Hi all! Can I get your tried and true sofritos recipes please? I just made a pot of fresh pintos from the farmers market and want to add sofritos to it. I have a recipe that I've used for years and it's basically like cooked pico degallo so it has tomato in it as well as cilantro.

I was looking for traditional recipes and know they vary between cultures... so thanks in advance!!! :smiles:


----------



## phatch (Mar 29, 2002)

This is everything I know on the topic, and it's not much.

http://www.cheftalk.com/forums/food-...-question.html

Also see Daisy Martinez site where she has both a latin sofrito and a recaito:
http://www.daisycooks.com/pages/recipes_main.cfm

Box on the lower right has the recipe links.


----------



## luc_h (Jun 6, 2007)

(empty)


----------



## bluezebra (May 19, 2007)

Thanks Luc and phatch.

phatch - nice explanation of sofrito. Isn't it so strange how the same term is carried out through so many cultures and is so varied between each? I found Daisy's recipe last night when googling for this and a couple of things made me file it for "later". 1. The quantity is way more than I need to make and I don't feel like freezing it for later (stupid I know). 2. I don't have the culantro leaves nor do I have a source for them yet and also I don't have the special peppers. I want to make this dish as closely as possible to her recipe because it looks very intense and delicious to me from the ingredient list!

Luc - thanks for telling me about this! You know it is so strange to see this because this is how my dad's marinara sauce and also shrimp creole starts off. The secret to his sauces were that you had to sweat the onions and green bell pepper until tender and sooooo soft then brown your paste and it was a very slooooow process! It sometimes took him as long as an hour to brown the paste. I think it would be deadly in chili! I will have to try it sometime. I never thought of referring to this mixture as a sofrito but it is! Maybe it's as much a flavorant or base technique for layering flavors in a dishes as it is a recipe? (along the lines of a mirapoix is also a flavorant or base technique for layering recipes).

The one I usually make is this: (sorry for not having exact measures...I just throw in a bit of this and that).

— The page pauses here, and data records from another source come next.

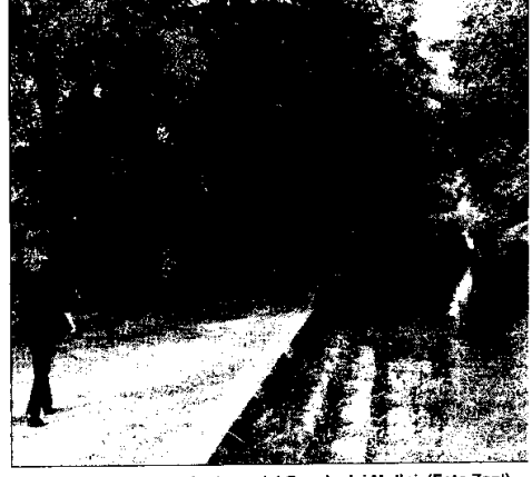
Monia Savioli Le panchine installate al ponte delle lavandaie e, a destra, la zona lughese del Canale dei Mulini.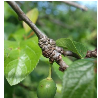
Síntomas de ácaros de las yemas.

Por ello, en caso de tener árboles con abundantes agallas, se recomienda tratar con azufre mojable* (pr. común) de mediados a finales de mayo. Para cubrir toda la salida, realizar al menos 2 aplicaciones espaciadas 10 días.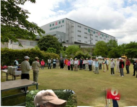
ホールインワン後 満面の笑み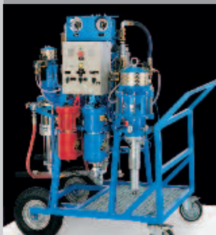
WIWA DUOMIX Unité de pulvérisation multi-composants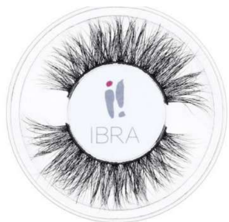
Rzęsy na pasku IBRA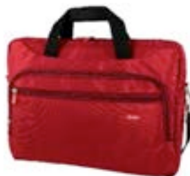
Red 15,4"-16" EVLB000051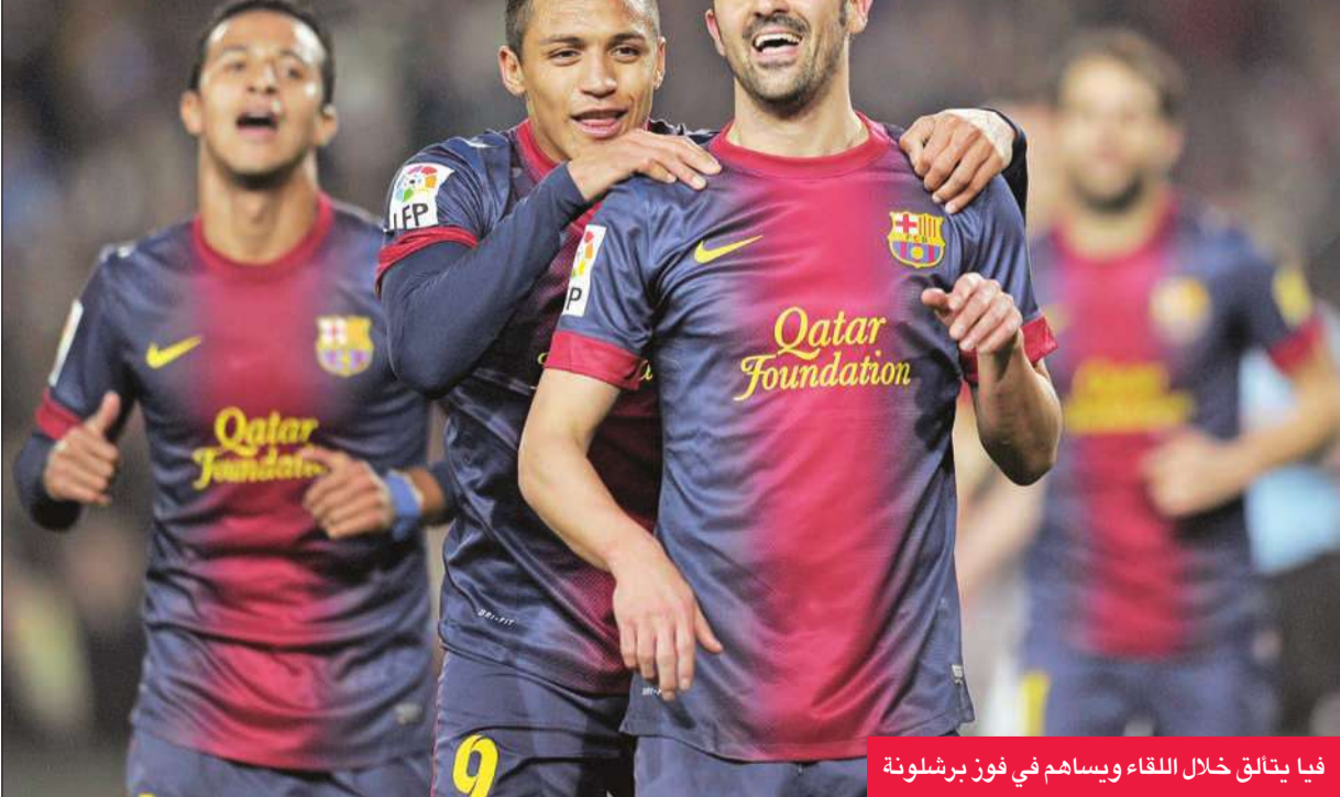
في يتالق خلال اللقاء ويساهم في فوز برشلونة

صفر-صفر، وذلك بعد فوزه ذهاباً 3-صفر. ويلتقي أتلتيكو في ربع النهائي مع ريال بيتيس المتأهل على حساب لاس بالماس (درجة ثانية) 1-صفر بهدف روبن كاسترو في الدقيقة 86 (1-1 ذهاباً)، قبل أن يلتقي الفائز بينهما مع الفائز من مواجهة ريال سرقسطة وأشبيلية. وكان ريال مدريد تأهل إلى ربع النهائي حيث سيواجه فالنسيا. ويقام ذهاب الدور ربع النهائي في 16 يناير الحالي والإياب في 23 منه.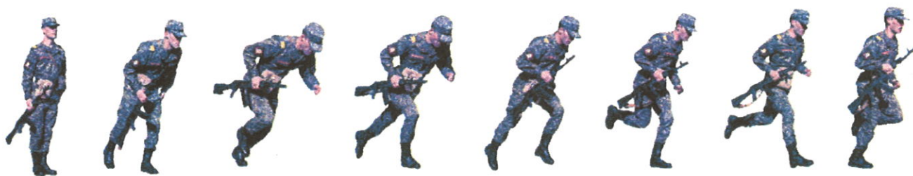
Рисунок 2. Порядок выполнения старта эстафеты (челночный бег 4х200 м с оружием)

Первое место занимает команда с наименьшим временем прохождения эстафеты с учетом времени штрафов. Время финиша команды учитывается до сотых секунд.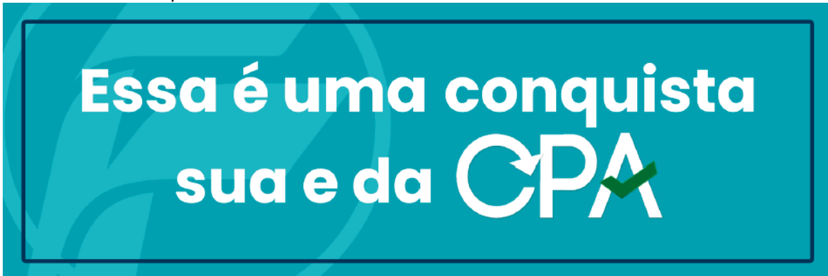
Figura 1: Selo de certificação indicando que aquele espaço / equipamento / reforma foi realizado com base no resultado das enquetes da CPA.

Por outro lado, os discentes não conhecem de forma suficiente os resultados das avaliações externas (abaixo de 50% - Tabela 1), caracterizando uma fragilidade. Como observado no Apêndice A, no triênio 2021 – 2023, apenas 11 dos 35 cursos da FAM (31,4%) passaram por avaliação externa, o que pode justificar os resultados encontrados. Após o recebimento do relatório sobre a visita in loco , a CPA realiza a análise dos indicadores e, junto com a direção e a coordenação de curso, divulgam os conceitos e principais comentários dos avaliadores. Notou-se no triênio que a porcentagem de satisfação em relação ao conhecimento desses dados é alta nos segmentos mais envolvidos na visita in loco , ou seja, coordenação, docentes e técnico-administrativo.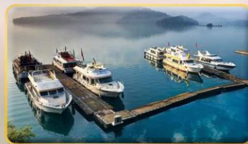
ล่องเรือชมทะเลสาบสุริยันจันทรา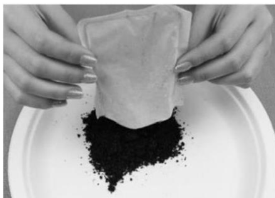
圖 1 市售暖暖包

市售暖暖包(如下圖 1 所示)中常加入蛭石,其功用為跟空氣接觸後,能快速地吸收空氣中水分,加速鐵粉的氧化速率,進而放熱達成暖暖包的效果。 小育 想要以咖啡渣(如下圖 2 所示)來取代暖暖包內容物—蛭石,以期減少廢棄量。因此進行以下兩組實驗: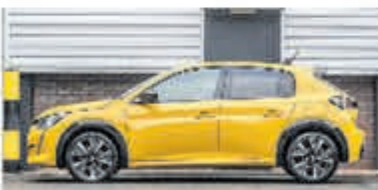
Peugeot 208 1.2 PureTech GT-Line € 25.950,-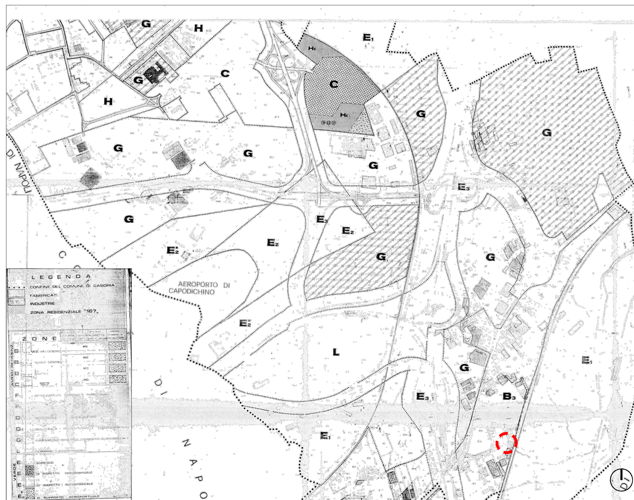
Stralcio variante PRG 1988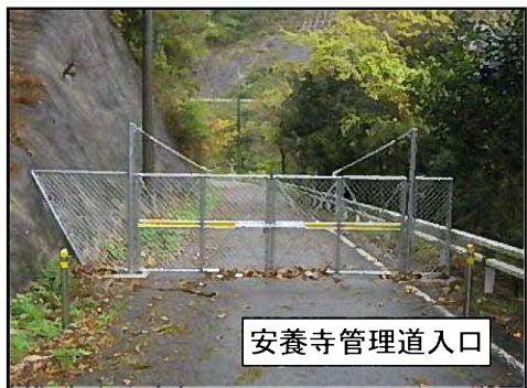
安養寺管理道入口

島根県浜田県土整備事務所 〒697-0041 島根県浜田市片庭町254 TEL. 0855-29-5678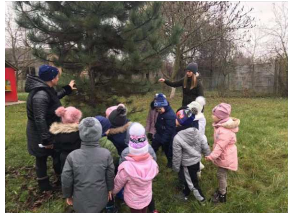
I. és II. megálló képei (2020. november 20.)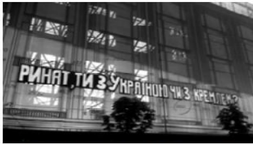
Мал. 5. Вул. Хрещатик, ЦУМ. Київень 2014 р.

1 large yellow onion (Texas 1014s or Spanish or Vidalia)
4 Roma tomatoes (seeded and skinned)
8 Cloves garlic
4 Strips of bacon, chopped and fried till cooked but not crisp
3 Jalapenos (2 seeded carefully to keep them mild, 1 hot with seeds)
1 Handful of chopped cilantro (leaves and stems)
1/2 Lime, fresh
Salt and black pepper

*Note - all of these quantities are guestimates from memory. The only things I'm certain of are the pepper quantities and onion. I just pull off some bacon. It could be 3 strips or it could be more like 6. I don't think it matters terribly. As for the garlic, well I just crush cloves for chopping till I'm sick of doing it. I usually go pretty heavy on garlic in ethnic dishes so I would say it's more than 4 and less than 10 somewhere in there!  The cilantro I never measure. I just tear off a whack and start chopping like mad with a very sharp knife to keep from bruising it too badly. I add tomato until it looks like the right amount of red. <blush> very scientific, I know. The lime I just squeeze in till it tastes right. I grow my own limes and what I have found is they are very intensely flavored and sour. So I usually use about 1/2 as much as when I use storebought. So I use about 1/4 of a lime if I'm using them from my tree.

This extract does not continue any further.